Director: David Allinson

 

When like is compared with like, there is little doubt that Sheppard is an Olympian figure of mid-sixteenth-century polyphony. – David Wulstan

 

An exuberant programme of seasonal polyphony, crowned by Sheppard’s most thrilling mass setting, the Missa Cantate.
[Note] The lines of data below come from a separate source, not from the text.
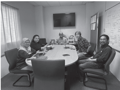
サバ大学での意見交換の様子
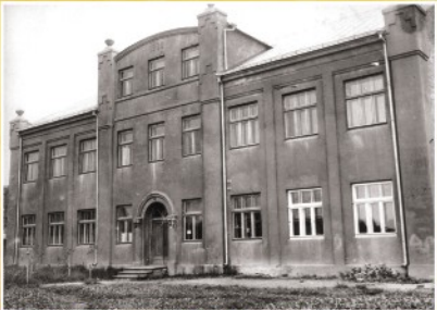
Vilkaviškio savivaldybės pastatas
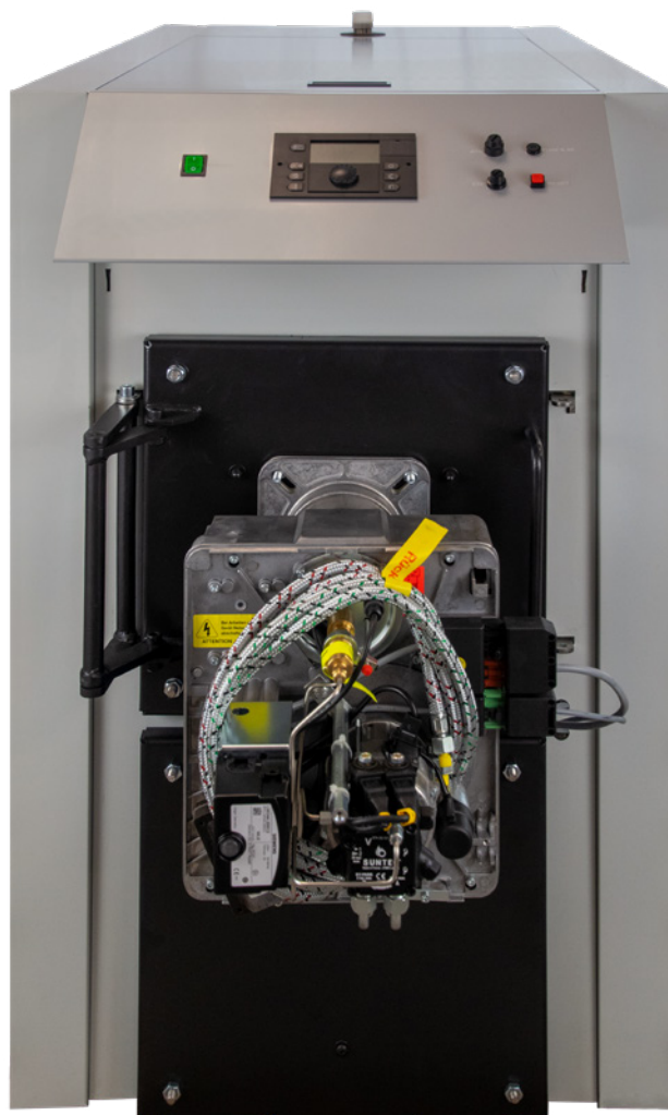
L'EcoTrend Plus avec brûleur flamme bleue à deux allures RZ2.7

Pour nuire le moins possible à l'environnement, les chaudières sont constamment améliorées et optimisées ainsi que les combustibles (mazout eco, mazout bio, ...).
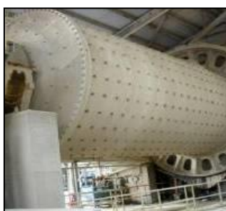
Abrazivzdorná vyložení VULCO®
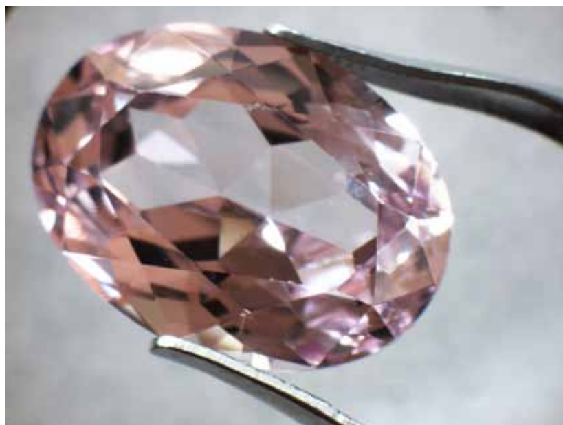
Рисунок 1. Синтетична шпінель. Збільшення 8 x

Дослідження методом якісного РФА проводилося відповідно до «Методики діагностика дорогоцінного каміння та його заміників методом рентгенофлуоресцентного аналізу» [2] з використан-
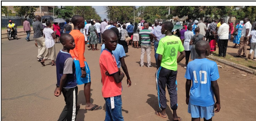
Procesia Božieho tela v Kisumu.
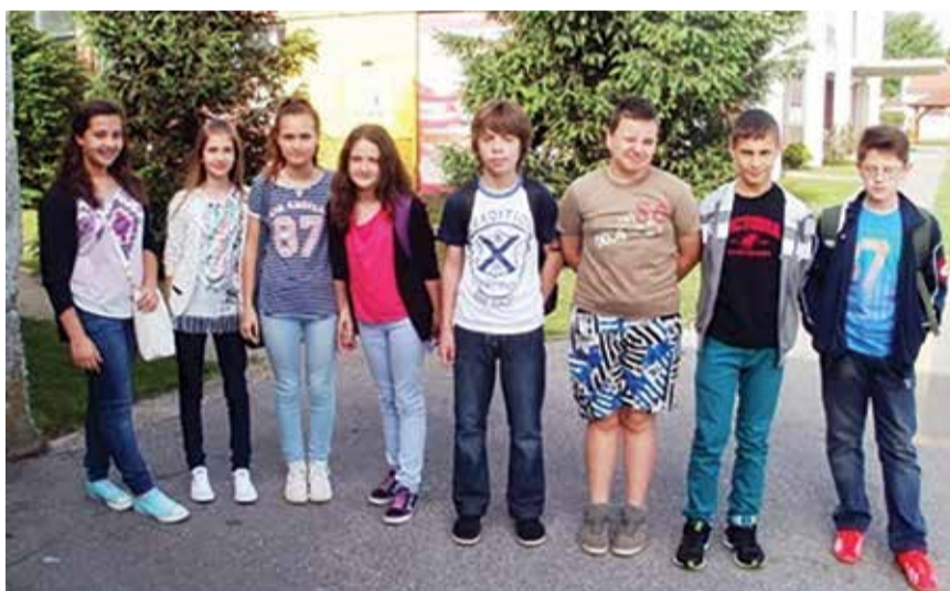
Sudionici Festivala matematike
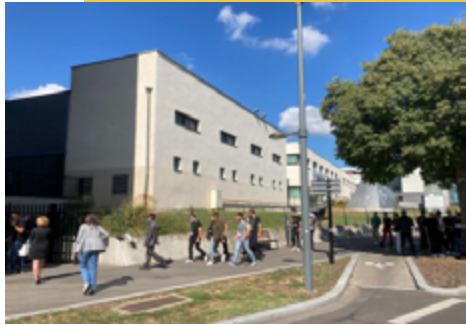
10 Bd Edmond Michelet, Lyon 8e

Pour moderniser l'image de l'industrie et renforcer l'attractivité des métiers industriels
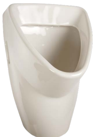
SLP 31 - LIVO
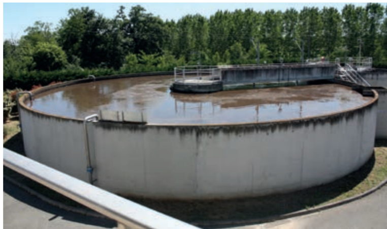
Station d'épuration – bassin d'aération et clarificateur

Construite en 2008, elle possède une autorisation de traitement de 13 000 équivalent habitants, avec une possibilité d'extension à 20 000 équivalent habitants, cette usine est suffisamment dimensionnée et située de façon à éviter toute nuisance .
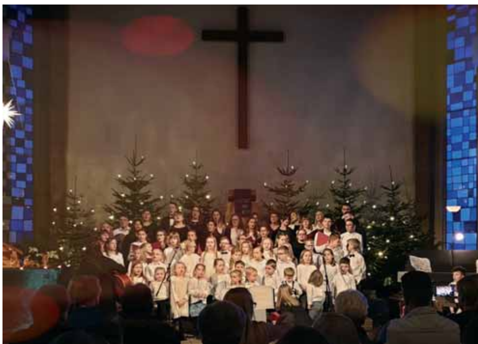
Kinder und Jugendchor Erksdorf
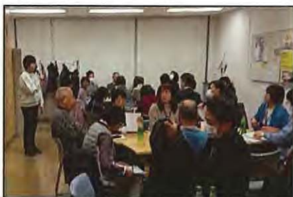
【 民生委員児童委員とケアマネジャーとの交流会 】
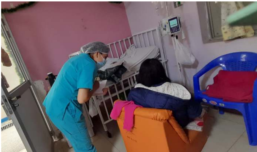
Aplicación de encuesta sobre el estrés y participación a madre del niño hospitalizado en el hospital el Carmen Huancayo.
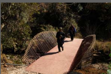
拉巴支村的橋樑以貨櫃的廢鐵製成，非常環保。
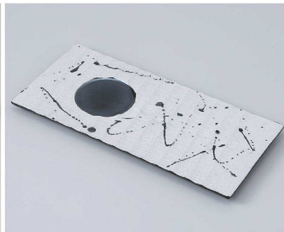
107-302-353 4,350円 黒飛ばしラスター黒釉長角前菜皿 (26.8×12.4×1.5)
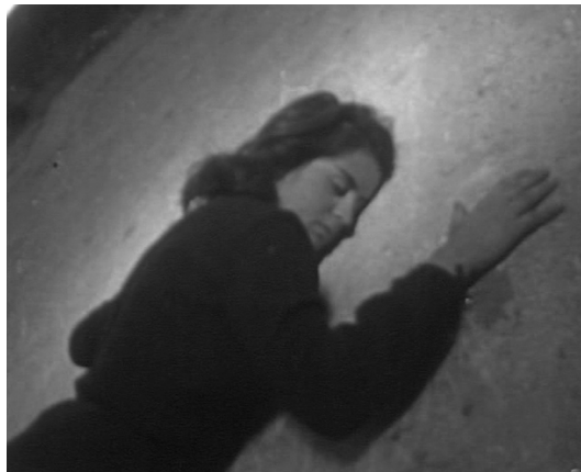
// Кадрови из филма ЗИД

Екипу филма „ЗИД« су, поред Кокана Ракоњца (сценарио, монтажа и режија), чинили:
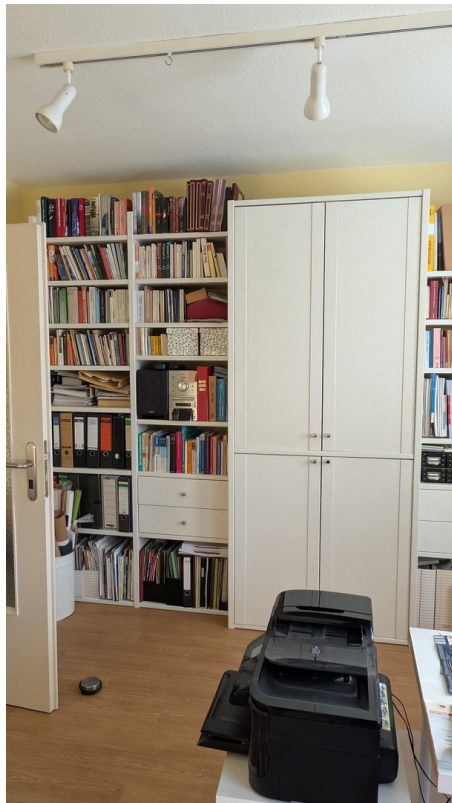
Wandschrank für viele Bücher
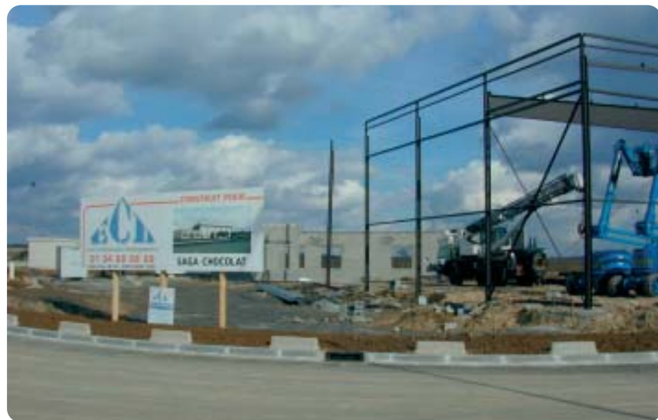
Construction Saga Chocolat

Coup double. Quel est le secret de Siegfried : écouter son client, trouver

Almost certainly written in the mid-1550s, around the same time as Tallis’s Missa Puer natus, Sheppard keeps six voices in play, combining the textural richness and rhythmic verve of predecessors such as Taverner and Fayrfax with a more modern sense of motivic cogency and harmonic drive. 

 

The Mass was interspersed with Tudor polyphony for Advent and Christmas by Lambe, Tallis and Byrd.

O What Evil Is War

War and Peace in 17th Century Germany

Saturday 25th October 2014 - 7:30pm

St George's, Bloomsbury, WC1A 2HR

 

Guest Director: Gawain Glenton

 

A concert of music written during the Thirty Years War, composed by German-speaking musicians directly affected by the international conflict that devastated large parts of central Europe between 1618 and 1648. Then as now, anti-war sentiment found an outlet in music, with beautifully poignant songs of loss, anguish and thanksgiving for peace being set to music by composers such as Heinrich Schütz, Melchior Franck, Heinrich Albert and Sigmund Theophil Staden. As we commemorated the centenary of the outbreak of World War I this concert reminded us that the brutality of war - and the simple human response to it - remains unchanged from that day to this.